The built-in, pop-up flash is activated when you choose one of the four active modes (Auto, Red-Eye Reduction Auto, Red-Eye Reduction On, or On) with the Flash button on the lens barrel. The flash unit pops up automatically when you press the shutter button halfway, rather than opening when the flash is engaged. An external hot shoe enables you to connect to a more powerful flash unit, such as the Canon SpeedLite series. Flash exposure compensation is adjustable from -2 to +2 exposure values (EV) in one-third-step equivalents. The Pro90 also features a Flash white balance mode and an FE Lock (flash exposure lock).

Images are saved to a Type I or II CompactFlash card (a 16MB card is supplied with the camera), with still images saved at one of three JPEG compression levels, or in RAW data format. Movie files are saved as AVI format movies that can be viewed in Apple QuickTime. Images can be composed, captured, and played back on the television set, which, when used with the remote control, makes a useful presentation tool. (US and Japanese models of the Pro90 come with an NTSC A/V cable for connecting to a television set, while European models come with a PAL cable.)

A USB cable accompanies the Pro90, for connecting directly to the computer, and a serial cable is available as a separate accessory. Two software CDs include Canon's Utilities, ZoomBrowser EX and PhotoRecord (for Windows), ImageBrowser (for Macintosh), and PhotoStitch, RemoteCapture, QuickTime, Adobe Photoshop LE 5.0, and USB drivers, for both PC and Macintosh computers. Probably the most exciting software application in the bundle is the RemoteCapture, which allows you to control the camera through the computer and save images directly to your hard drive. (See our review of Canon's D30 SLR camera for a brief discussion of RemoteCapture, including a screen shot.) The inclusion of Photoshop LE is also a nice, bonus, providing a variety of creative and corrective digital imaging functions.

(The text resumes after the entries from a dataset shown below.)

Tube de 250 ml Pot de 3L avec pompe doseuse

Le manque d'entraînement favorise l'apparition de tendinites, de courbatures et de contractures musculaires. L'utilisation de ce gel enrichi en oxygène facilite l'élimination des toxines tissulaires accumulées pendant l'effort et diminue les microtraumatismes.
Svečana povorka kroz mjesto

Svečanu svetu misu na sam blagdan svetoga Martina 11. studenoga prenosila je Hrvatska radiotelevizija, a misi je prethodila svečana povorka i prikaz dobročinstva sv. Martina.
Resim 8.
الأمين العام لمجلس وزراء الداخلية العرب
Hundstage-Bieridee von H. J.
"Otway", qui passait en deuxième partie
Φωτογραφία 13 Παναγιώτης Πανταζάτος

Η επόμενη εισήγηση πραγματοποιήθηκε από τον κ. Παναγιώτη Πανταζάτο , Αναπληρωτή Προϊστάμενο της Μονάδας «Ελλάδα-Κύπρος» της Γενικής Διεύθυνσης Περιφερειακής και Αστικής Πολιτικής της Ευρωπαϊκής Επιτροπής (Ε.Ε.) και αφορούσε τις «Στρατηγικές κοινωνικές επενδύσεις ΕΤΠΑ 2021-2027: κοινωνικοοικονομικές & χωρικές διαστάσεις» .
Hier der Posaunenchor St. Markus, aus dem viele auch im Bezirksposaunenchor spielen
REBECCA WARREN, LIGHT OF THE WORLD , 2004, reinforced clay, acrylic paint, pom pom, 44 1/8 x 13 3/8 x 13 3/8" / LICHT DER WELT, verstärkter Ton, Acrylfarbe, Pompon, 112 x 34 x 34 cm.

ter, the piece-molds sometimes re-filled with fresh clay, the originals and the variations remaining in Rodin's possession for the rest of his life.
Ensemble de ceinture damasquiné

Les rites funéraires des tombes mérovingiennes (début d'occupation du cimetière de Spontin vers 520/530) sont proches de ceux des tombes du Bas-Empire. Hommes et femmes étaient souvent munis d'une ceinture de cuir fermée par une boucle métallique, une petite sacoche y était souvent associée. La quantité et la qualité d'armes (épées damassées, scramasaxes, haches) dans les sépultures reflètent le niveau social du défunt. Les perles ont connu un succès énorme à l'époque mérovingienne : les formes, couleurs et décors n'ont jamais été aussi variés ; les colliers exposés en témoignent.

The Pro90 is powered by a single BP-511 lithium rechargeable battery pack, which recharges in the camera via the AC adapter -- both of which are provided with the camera. The power consumption level is reported on the LED display, and an auto shutoff feature saves battery power after extended periods of inactivity.

Overall, we were very pleased with the Pro90's performance, as the extensive exposure control and 10x zoom lens produced very nice images with excellent quality and color. The swiveling LCD monitor is also great when shooting at odd angles, and the Image Stabilizer function is a huge plus for handheld telephoto shots, as well as low-light shooting conditions. With its large variety of exposure options and control levels, the Pro90 should appeal to a wide range of users.